$50 3D printed hand vs $42,000 prosthetic limb
Jose Delgado Jr. Jose, 53 year old, was born almost without his left hand. Recently he has been using an artificial prosthetic hand at $42,000. About a half he paid out-of-pocket. This myoelectric armreceives the muscle signals from his forearm to cause the various movements of the fingers, like a real hand would.
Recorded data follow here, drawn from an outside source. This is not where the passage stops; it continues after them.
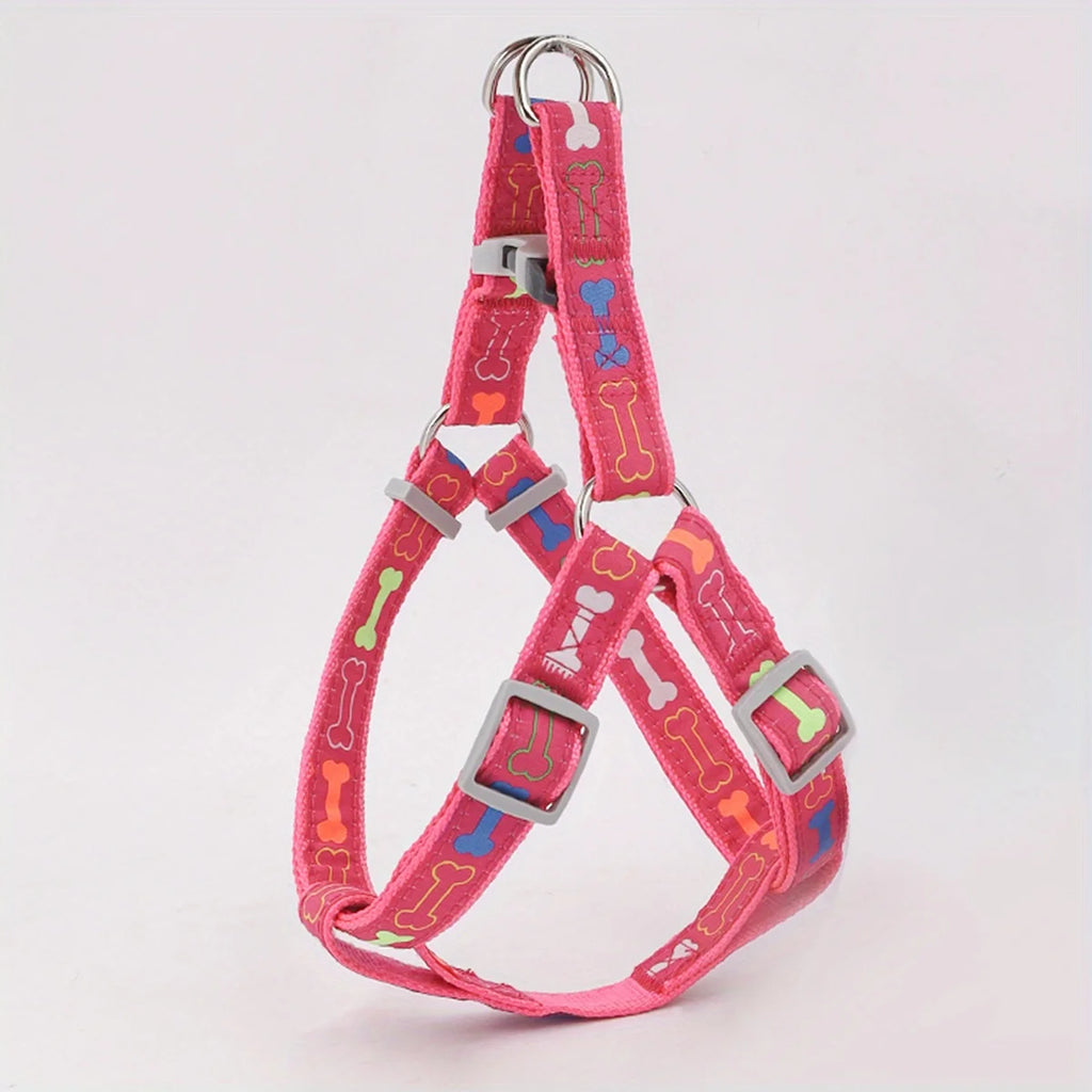 Peitoral Ajustável para Cachorro Estampa Ossinhos Coloridos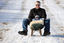 Steffen and his son Nils sledge down a hill in Donnstetten, southern Germany
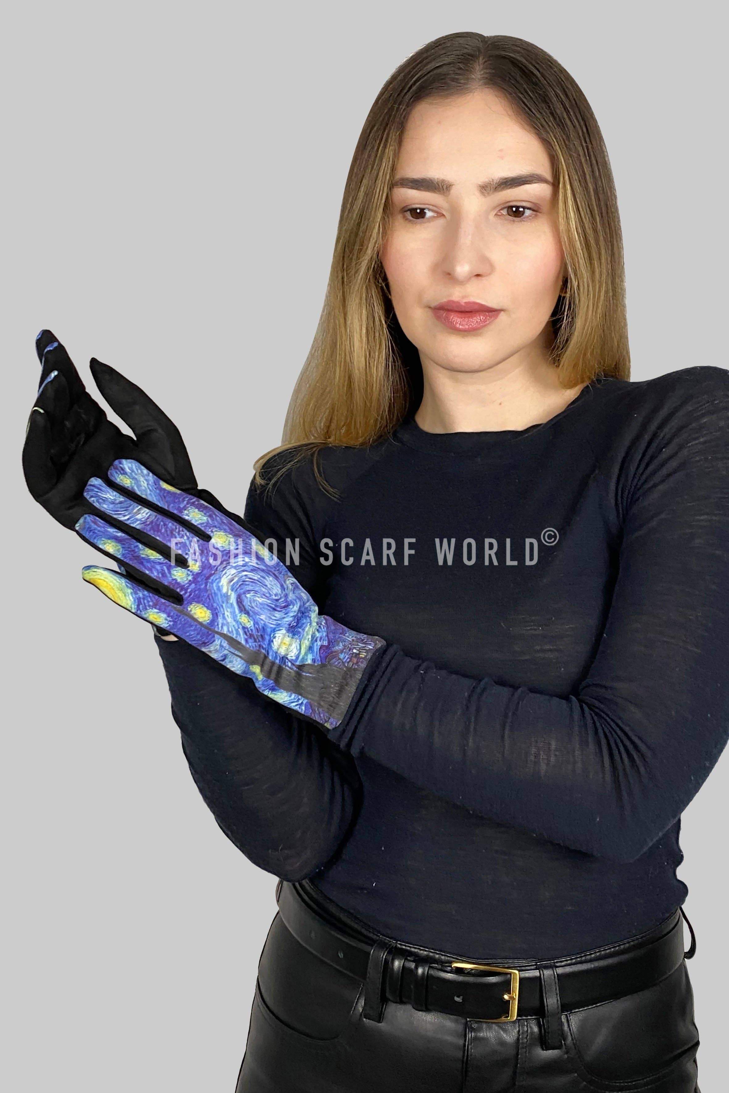 Size: One Size Material: 95% Polyester 5% Spandex Crafted from a soft, suede-like material, these gloves offer a comfortable and stylish option for the colder weather. The Irises inspired print captures the essence of Van Gogh's art, bringing his work to life on your fingertips. Featuring touchscreen technology, these gloves not only keep your hands warm during chilly days, but also allow you to use your devices with ease. ♥ Fashion Scarf World-Endless Styles for Endless Fashion Possibilities Art, Artist, Museum, Gloves, Touchscreen, Ladies Gloves, Beautiful, Luxury, Luxurious, Gift, Gifts, Women's, Winter, Fashion, New, Modern, Fun, Van Gogh, Picasso, Abstract, Design

There are lots of companies in the world nowadays that are trying to change and simplify lives of the people who have lost limbs. They 3D print artificial limbs for the people who lost their arms or legs, which significantly simplified their lives. When Jose came to Jeremy Simon, he asked him to 3D print a limb for him. The scientist used the “Cyborg Beast” design by Jorge Zuniga – currently an assisting professor of exercise science from Creighton University – to print a hand. Jeremy later confessed that he didn’t expect that the hand would remain in good condition and serve properly for a long time, as Jose worked in the sphere which requires lifting and moving heavy things, and the hand is made of the same type of plastic as lego.
Nevertheless he was interested in the results. So the scientist met Jose to discuss how the $42,000 artificial limb compares to the $50 “Cyborg Beast” that Jeremy 3D printed especially for him. In fact Jose has used lots of prostheses so he knows how to operate them and knows if they can cope with various everyday tasks. Jose was really surprised to see that the 3D printed Cyborg Beast was far more easy and convenient to use in everyday life. If any part of the prosthesis breaks, it will take a few hours to reprint it.
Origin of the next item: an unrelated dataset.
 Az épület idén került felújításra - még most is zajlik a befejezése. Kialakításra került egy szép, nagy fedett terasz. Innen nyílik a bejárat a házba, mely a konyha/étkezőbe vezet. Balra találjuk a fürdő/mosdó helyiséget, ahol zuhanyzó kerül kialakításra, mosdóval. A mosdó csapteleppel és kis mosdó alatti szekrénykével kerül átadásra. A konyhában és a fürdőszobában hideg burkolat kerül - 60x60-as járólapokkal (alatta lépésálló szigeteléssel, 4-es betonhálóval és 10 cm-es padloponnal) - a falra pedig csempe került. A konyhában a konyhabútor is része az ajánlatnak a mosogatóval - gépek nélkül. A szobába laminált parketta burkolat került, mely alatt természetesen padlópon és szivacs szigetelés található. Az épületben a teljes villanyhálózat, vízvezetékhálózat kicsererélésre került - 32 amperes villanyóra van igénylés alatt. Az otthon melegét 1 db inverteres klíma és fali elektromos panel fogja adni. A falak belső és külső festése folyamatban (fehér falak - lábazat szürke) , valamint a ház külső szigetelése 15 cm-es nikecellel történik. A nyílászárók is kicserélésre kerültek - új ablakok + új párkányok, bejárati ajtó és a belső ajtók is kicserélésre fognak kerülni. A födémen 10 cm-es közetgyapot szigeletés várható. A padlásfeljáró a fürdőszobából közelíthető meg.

Usually an artificial limb will cost you about $10,000 or more. The materials to get a hand 3D printed cost even less than $50. The design and prototyping time for the 3D printed limbs are as a rule donated in the e-NABLE community, a world-wide group of 700 people. No rights for the design need to be purchased as it is and open source, that’s why it’s possible to print a part of a hand at less than $50 in comparison with similar retail devices at thousands of dollars. When Jeremy was working with Jose, he used a new type of material known as bridge nylon. It is stronger and lighter. He will also make an alternate mount for a thumb to enable various kinds of grips.
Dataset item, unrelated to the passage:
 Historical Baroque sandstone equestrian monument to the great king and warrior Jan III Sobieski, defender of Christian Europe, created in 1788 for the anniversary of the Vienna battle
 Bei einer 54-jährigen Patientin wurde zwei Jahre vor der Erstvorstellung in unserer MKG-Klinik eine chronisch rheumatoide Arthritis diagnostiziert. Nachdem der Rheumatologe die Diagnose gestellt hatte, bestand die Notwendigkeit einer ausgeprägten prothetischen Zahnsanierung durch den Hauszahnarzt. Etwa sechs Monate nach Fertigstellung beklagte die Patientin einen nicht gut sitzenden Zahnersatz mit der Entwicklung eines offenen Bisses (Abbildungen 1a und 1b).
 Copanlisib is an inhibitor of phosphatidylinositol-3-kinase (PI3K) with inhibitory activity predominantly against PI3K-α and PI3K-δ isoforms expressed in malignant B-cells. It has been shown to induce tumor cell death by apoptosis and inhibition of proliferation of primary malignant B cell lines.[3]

There have been a number of efforts to work out elbow-prompt versions, they will be released quite soon. For Jeremy this is the first time he has constructed artificial limbs. Previously he had no experience in mechanical or prosthetic engineering. But he said that if he managed to do it, then everyone can do that. But surely he needed a medical professional or consultant to assist so as to produce a prosthesis of a proper size and to check for irritation.